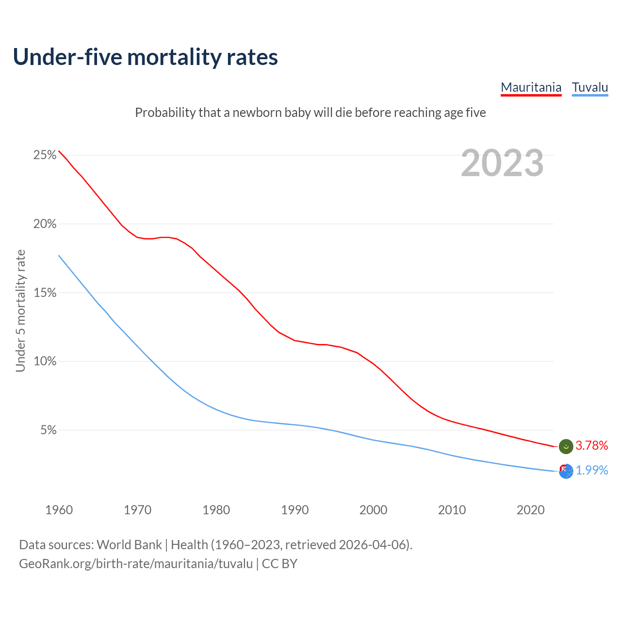 The chance that a newborn baby will die before reaching age five is 3.78% in Mauritania and 1.99% in Tuvalu. Above is a chart with historical data on under-five mortality rates.
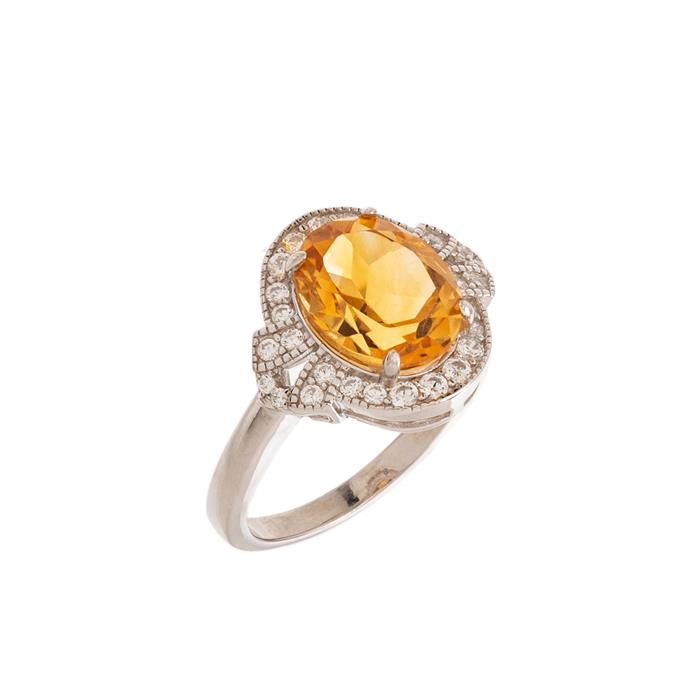 Anillo con citrina y circonia en plata .925.
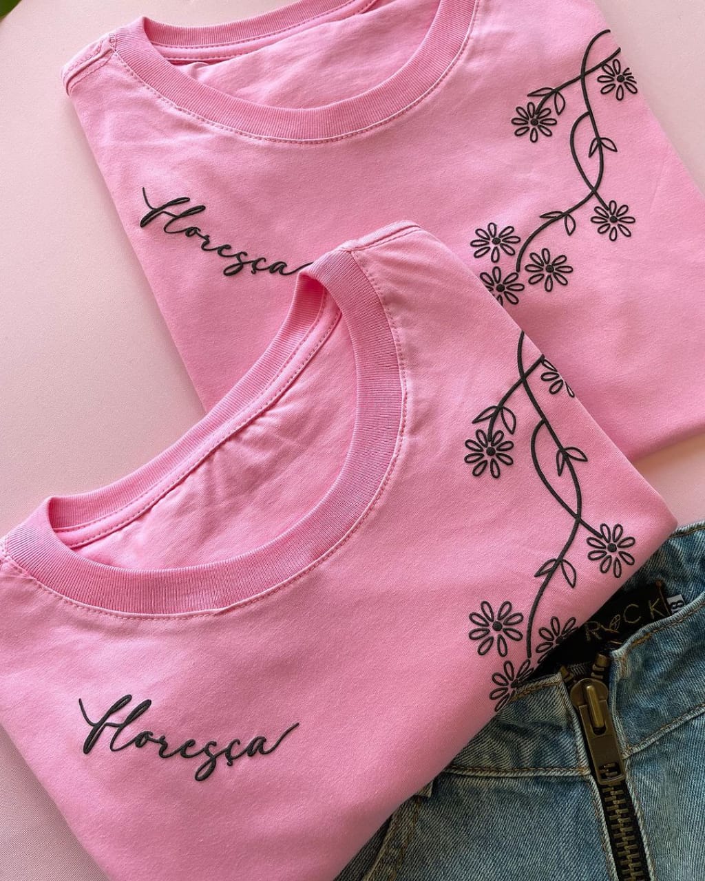 ♦ T-Shirt Feminina, costura ombro a ombro, reforçada na gola.
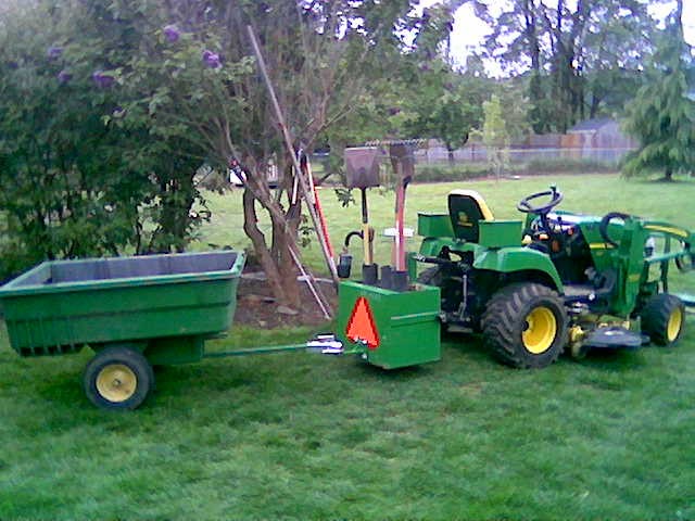 Now i finally don't have to drop my BB to hook up trailer! added traction and stability with full load of firewood or dirt in FEL. i fabbed this little unit up today at work. no more "levitating rear" or depending on what very little tongue weight my trailer offered to keep back end planted firmly when FEL is loaded! Thingy, if you are looking, how does the wire weld look? no short arc root, just pulse/sprayed it on. project took about 40 minutes. 5 holes, two cuts, and less than 1 minute of weld time including tack up.
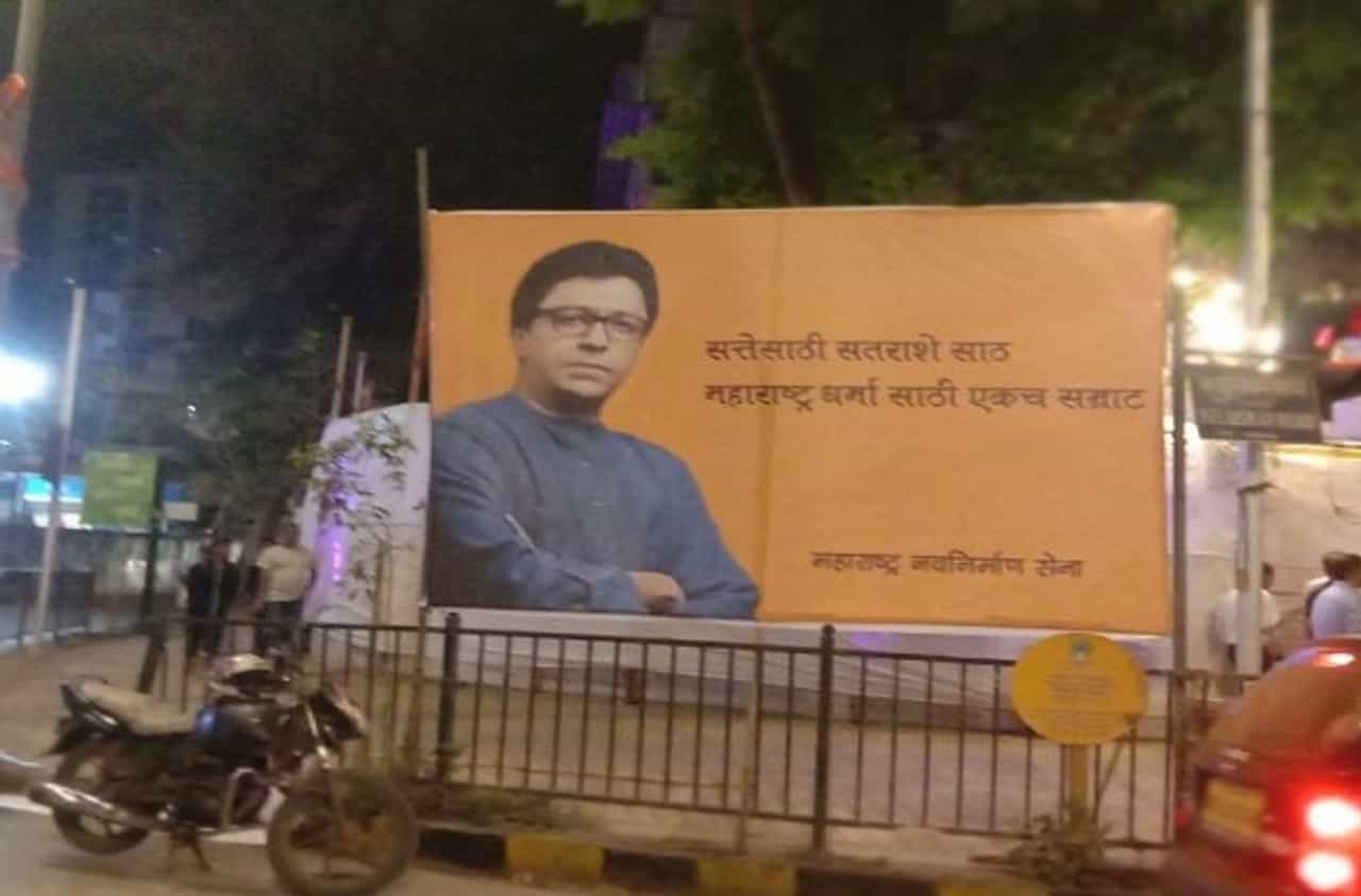 ‘सत्तेसाठी सतराशे साठ, महाराष्ट्र धर्मासाठी एकच सम्राट’ असं या पोस्टरवर लिहिलं आहे. सेनाभवनासमोर गुरुवारी रात्री हे भव्य पोस्टर लावण्यात आलं. त्यानंतर, मराठी आणि हिंदुत्व यांची सांगड घालणाऱ्या ‘महाराष्ट्र धर्मा’वर मनसे पुढची वाटचाल करणार का? याबाबत चर्चा सुरु झाली आहे.
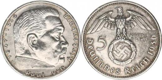 5 RM 1936 A - Hindenburg, svastika

# # #

→ WORK REQUIRED
Transcribe the material exactly, and leave out whatever pictures it holds.

→ RESPONSE TO THIS TASK
 The chance that a newborn baby will die before reaching age five is 3.78% in Mauritania and 1.99% in Tuvalu. Above is a chart with historical data on under-five mortality rates.
 Anillo con citrina y circonia en plata .925.
 ♦ T-Shirt Feminina, costura ombro a ombro, reforçada na gola.
 Now i finally don't have to drop my BB to hook up trailer! added traction and stability with full load of firewood or dirt in FEL. i fabbed this little unit up today at work. no more "levitating rear" or depending on what very little tongue weight my trailer offered to keep back end planted firmly when FEL is loaded! Thingy, if you are looking, how does the wire weld look? no short arc root, just pulse/sprayed it on. project took about 40 minutes. 5 holes, two cuts, and less than 1 minute of weld time including tack up.
 ‘सत्तेसाठी सतराशे साठ, महाराष्ट्र धर्मासाठी एकच सम्राट’ असं या पोस्टरवर लिहिलं आहे. सेनाभवनासमोर गुरुवारी रात्री हे भव्य पोस्टर लावण्यात आलं. त्यानंतर, मराठी आणि हिंदुत्व यांची सांगड घालणाऱ्या ‘महाराष्ट्र धर्मा’वर मनसे पुढची वाटचाल करणार का? याबाबत चर्चा सुरु झाली आहे.
 5 RM 1936 A - Hindenburg, svastika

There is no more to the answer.